Haley: What’s the matter with you?! You’ve been acting so weird ever since I left college.

Claire: For the record, you didn’t leave college. You were asked to leave.

Haley: Of which you guys never let me forget – especially Dad.

Claire: Honey, your father…

Haley: Oh, you don’t have to tell me what he thinks. Okay?! I’m a huge disappointment to him. And I see it on his face everyday. He acts as if he doesn’t even want me around.

Because teens are desperate to feel independent, they’ll often go to great lengths to demonstrate that they don’t need our advice or direction any more. In truth, though, as we saw with Haley tonight, they care deeply about our opinions of them and fear seeing a diminished view of themselves reflected in our eyes. They desperately want our respect.

At the very end of the episode, Phil confronts Claire about the plan she hatched up:

Phil: This little chicken game may work for your dad, but it doesn’t work for me. That’s my little girl. I need her to know that no guy on earth is good enough for her – let alone some slimy, middle-aged jean salesman!

Then Phil sees that Haley too is in the room. And the next minute she is in his arms.

Phil: What’s this?

Claire: Just enjoy it.

This is more than just a feel good ending for a made-up TV show.
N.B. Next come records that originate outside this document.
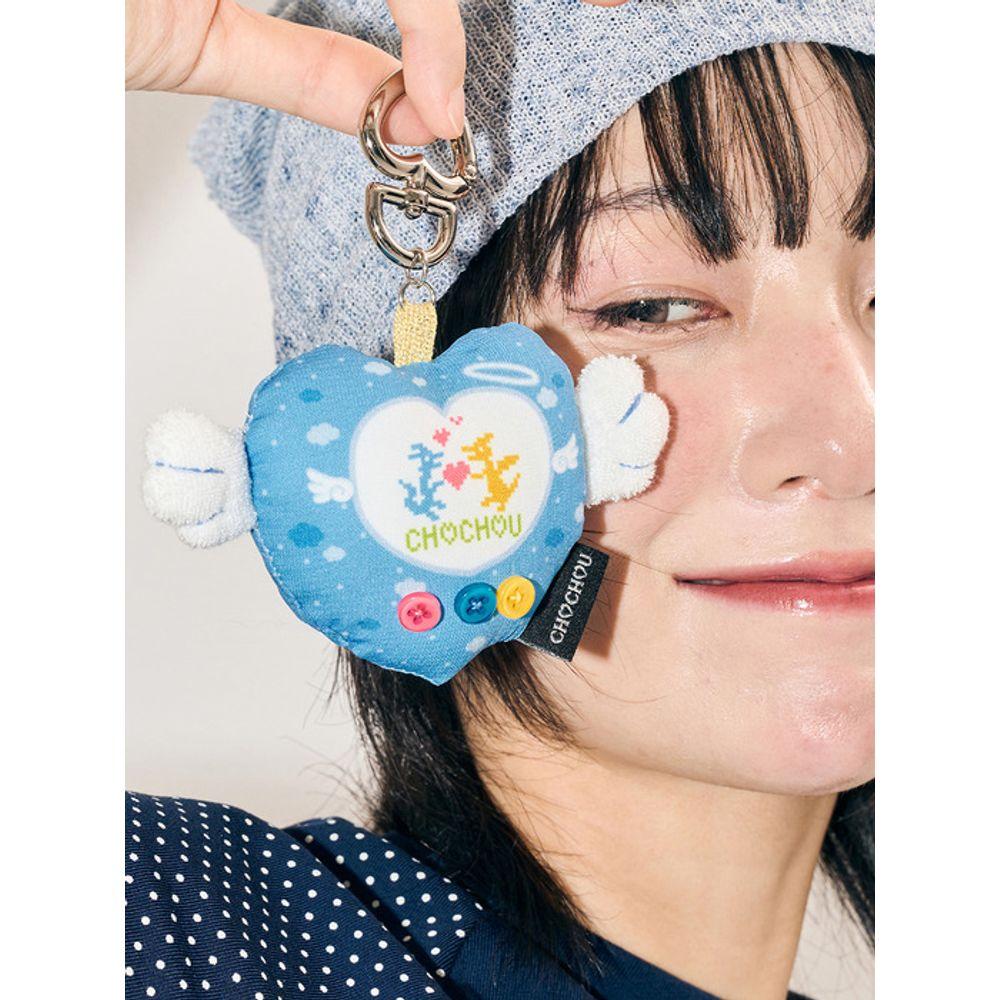 CHOCHOU WING HEART PIXEL KEY RING [ANGEL SKY]
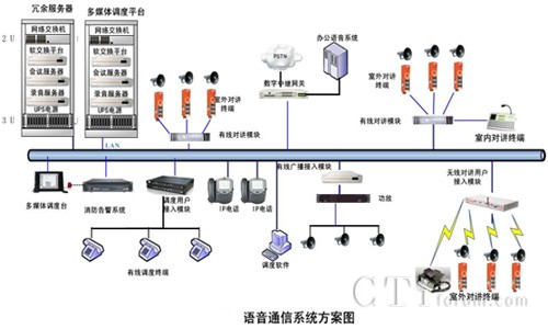 整體解決方案由軟交換服務器、會議服務器、錄音服務器、數字中繼網關、調度臺、有線對講模塊、有線廣播模塊、無線對講模塊等幾部分組成,系統(tǒng)基于IP網絡部署,所有設備均直接接入到IP網絡上,通過IP網絡匯聚到指揮中心進行交換和統(tǒng)一管理調度。
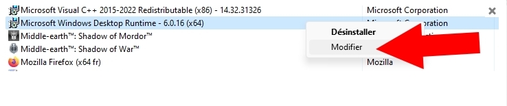 C’est le cas, alors interrogeons nous sur son état et effectuons une réparation en cliquant droit sur le programme afin d’avoir les options de modification , puis en choisissant "réparer".
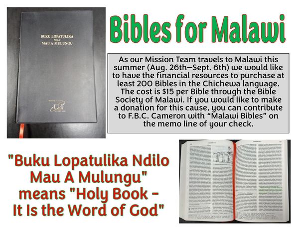 The Lord Jesus Christ has commanded the preaching of the Gospel to all nations. Therefore, First Baptist Cameron is striving to become a missional church.
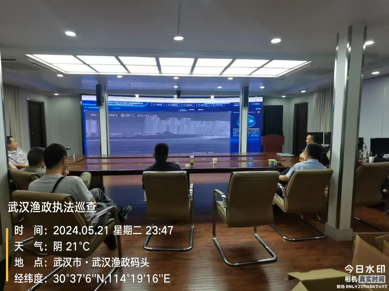 5月21日,暮色降临,暴雨骤停,波涛汹涌的江面泛起水光点点,一场行动正在悄然进行,此时的武汉渔政码头灯火通明,执法人员正盯着渔政天网系统,查看平台里面的预警信息。
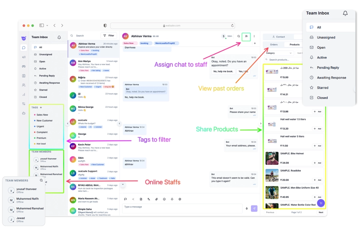 Send bulk WhatsApp messages instantly. Manage team responses for incoming customer chats.

There’s a vital message here for you and me: Although our teens may insist on changing the terms of our involvement, they still want us involved in their lives.

Flipping the Frame: Your Parenting Experiences

• Tonight we see that Haley still cares about what her parents think about her. I’m not sure we ever outgrow that. What do you think?

• Teens do care deeply about their parents’ opinions. But we have to look closely to see evidence of this because they’ll almost never tell us this directly. Have you seen evidence of this in your teen? What does it look or sound like?